What you are asked to do:
With the pictures left aside, write out exactly the lines of the listing below from the line with "ニホントカゲ6/7(JPG:167KB)" to the line with "HeyDress法式直筒九分裤牛仔裤", both included, and only those.

Top of Provided material

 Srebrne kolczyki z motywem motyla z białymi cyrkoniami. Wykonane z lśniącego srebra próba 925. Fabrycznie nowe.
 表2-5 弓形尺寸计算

Bottom of Provided material
Top of Provided material

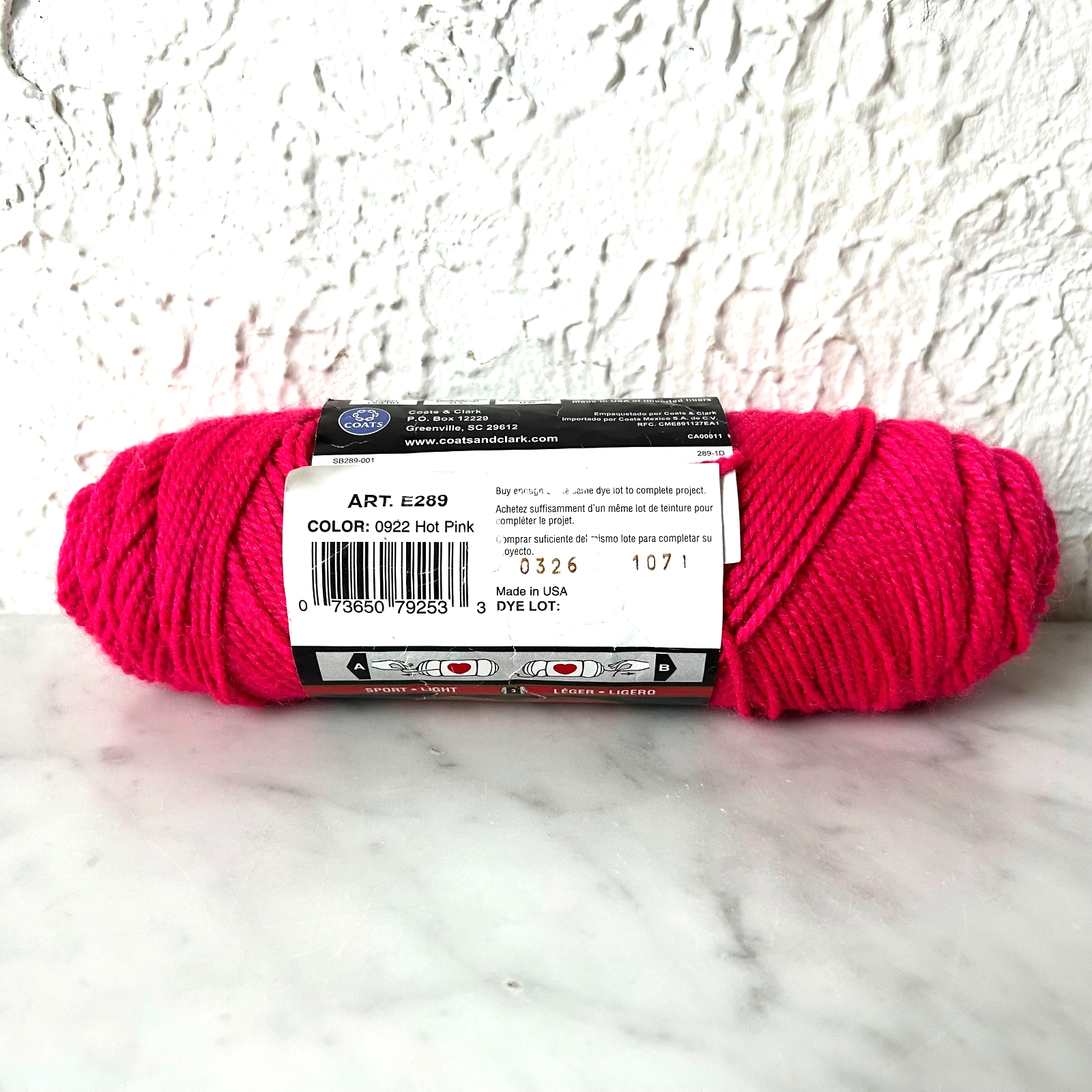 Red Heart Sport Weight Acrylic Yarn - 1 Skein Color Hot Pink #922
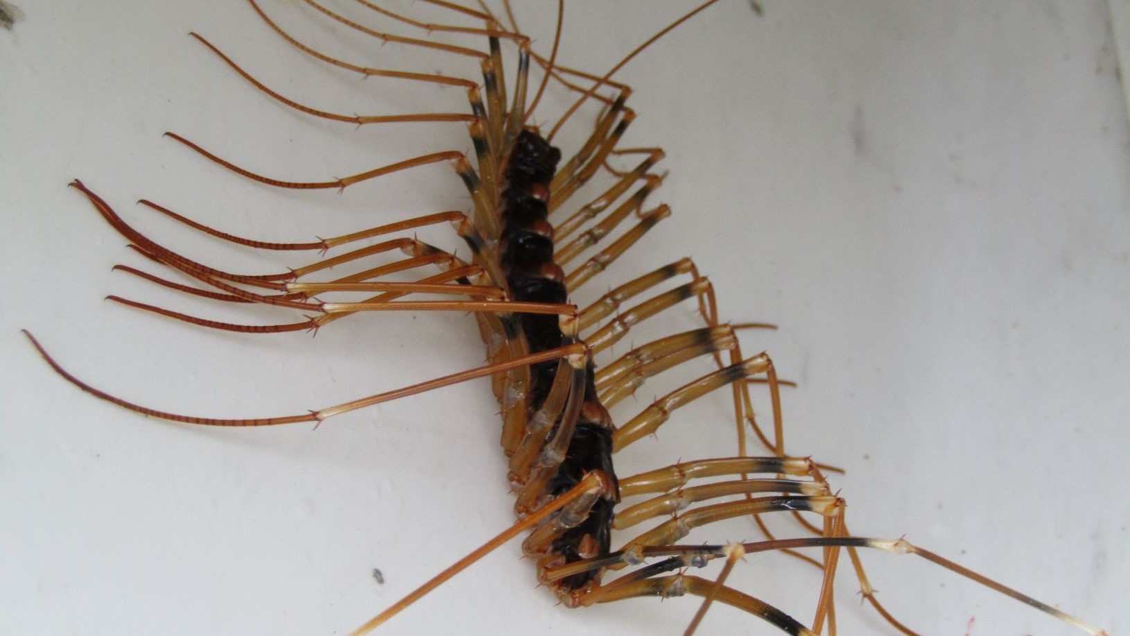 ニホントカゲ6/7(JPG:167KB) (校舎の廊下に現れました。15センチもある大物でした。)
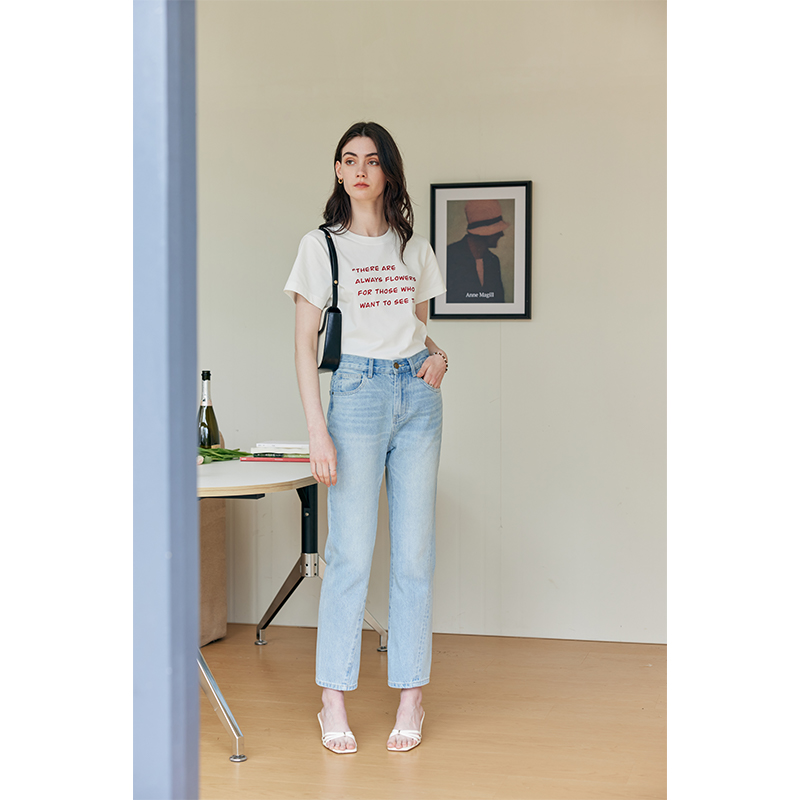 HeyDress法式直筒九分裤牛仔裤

Bottom of Provided material

Task result:
 ニホントカゲ6/7(JPG:167KB) (校舎の廊下に現れました。15センチもある大物でした。)
 HeyDress法式直筒九分裤牛仔裤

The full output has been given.